* Try it
Would you write out the full listing exactly, without any pictures?

* Listed entries
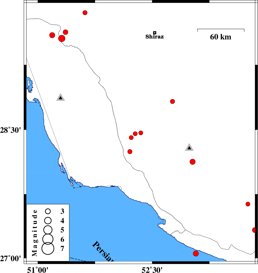 | 2018/01/22 | 13:37:12.5 | 17:07:12.5 | 29.591 | 51.188 | 15 | ML3.3 | Bushehr Province, 37 km North of Borazjan | ||
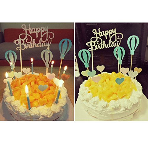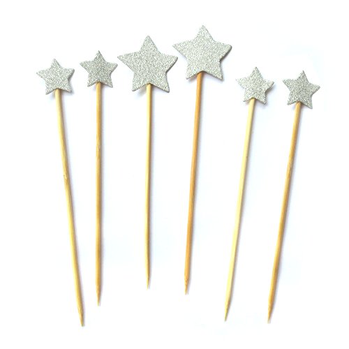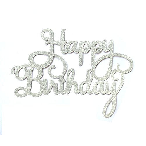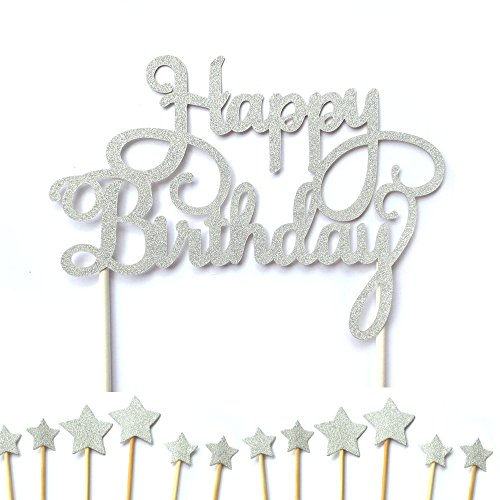 SarSean Silver Glitter Happy Birthday Cake Topper and 12PCS Star Cake Toppers
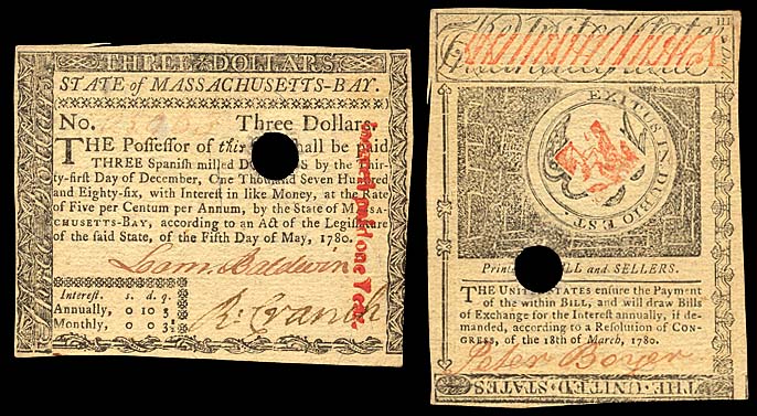 MASSACHUSETTS, 3 dollars P-S1338 5.5.1780 punch
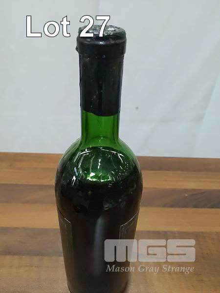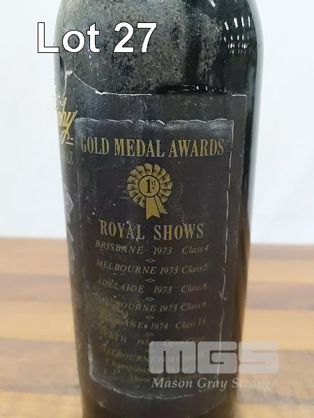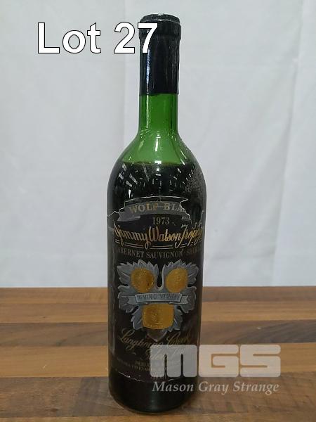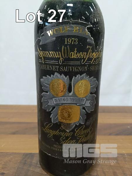 1973 WOLF BLASS BLACK LABEL CLARET - LANGHORNE CREEK ~ EDEN VALLEY CABERNET SAUVIGNON SHIRAZ. SINGLE 750ML CLARET BOTTLE, UNDER CORK. ** JIMMY WATSON TROPHY WINNER MELBOURNE WINE SHOW 1974 ** FILL LEVEL "MID SHOULDER". CAPSULE FAIR, SOME CRUST ON TOP. BOTTLE. TOP OF LABEL TORN.
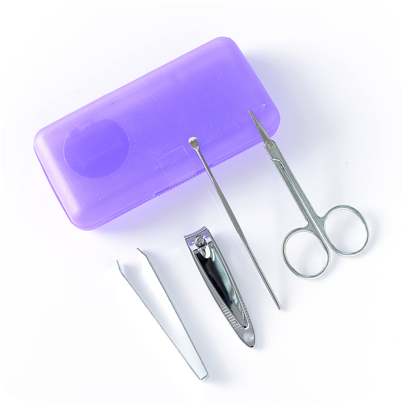 / 便攜式指甲剪4件套裝多功能不銹鋼指甲刀修甲套糖果色指甲剪盒裝

* Response to this task
 | 2018/01/22 | 13:37:12.5 | 17:07:12.5 | 29.591 | 51.188 | 15 | ML3.3 | Bushehr Province, 37 km North of Borazjan | ||
 SarSean Silver Glitter Happy Birthday Cake Topper and 12PCS Star Cake Toppers
 MASSACHUSETTS, 3 dollars P-S1338 5.5.1780 punch
 1973 WOLF BLASS BLACK LABEL CLARET - LANGHORNE CREEK ~ EDEN VALLEY CABERNET SAUVIGNON SHIRAZ. SINGLE 750ML CLARET BOTTLE, UNDER CORK. ** JIMMY WATSON TROPHY WINNER MELBOURNE WINE SHOW 1974 ** FILL LEVEL "MID SHOULDER". CAPSULE FAIR, SOME CRUST ON TOP. BOTTLE. TOP OF LABEL TORN.
 / 便攜式指甲剪4件套裝多功能不銹鋼指甲刀修甲套糖果色指甲剪盒裝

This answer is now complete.